*Exercise data*
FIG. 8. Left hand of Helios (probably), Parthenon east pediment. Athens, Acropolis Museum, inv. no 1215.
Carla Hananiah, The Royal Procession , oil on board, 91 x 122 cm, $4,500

* * *

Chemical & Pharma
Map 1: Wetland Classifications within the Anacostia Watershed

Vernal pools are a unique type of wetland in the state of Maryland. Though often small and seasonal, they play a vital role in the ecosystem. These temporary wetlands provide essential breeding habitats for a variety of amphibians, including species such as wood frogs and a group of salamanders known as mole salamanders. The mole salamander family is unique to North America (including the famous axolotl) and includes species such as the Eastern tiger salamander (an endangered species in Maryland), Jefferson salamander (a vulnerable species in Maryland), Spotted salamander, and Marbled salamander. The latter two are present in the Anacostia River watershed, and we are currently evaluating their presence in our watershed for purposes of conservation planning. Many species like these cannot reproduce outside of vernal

--

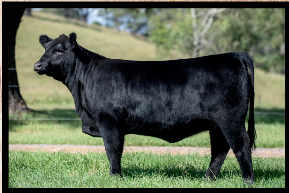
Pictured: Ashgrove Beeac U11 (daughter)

*Assigned task*
Give back, word for word, only the lines above from the line holding "Map 1: Wetland" to the line holding "Vernal pools are", both included.

*Task response*
Map 1: Wetland Classifications within the Anacostia Watershed

Vernal pools are a unique type of wetland in the state of Maryland. Though often small and seasonal, they play a vital role in the ecosystem. These temporary wetlands provide essential breeding habitats for a variety of amphibians, including species such as wood frogs and a group of salamanders known as mole salamanders. The mole salamander family is unique to North America (including the famous axolotl) and includes species such as the Eastern tiger salamander (an endangered species in Maryland), Jefferson salamander (a vulnerable species in Maryland), Spotted salamander, and Marbled salamander. The latter two are present in the Anacostia River watershed, and we are currently evaluating their presence in our watershed for purposes of conservation planning. Many species like these cannot reproduce outside of vernal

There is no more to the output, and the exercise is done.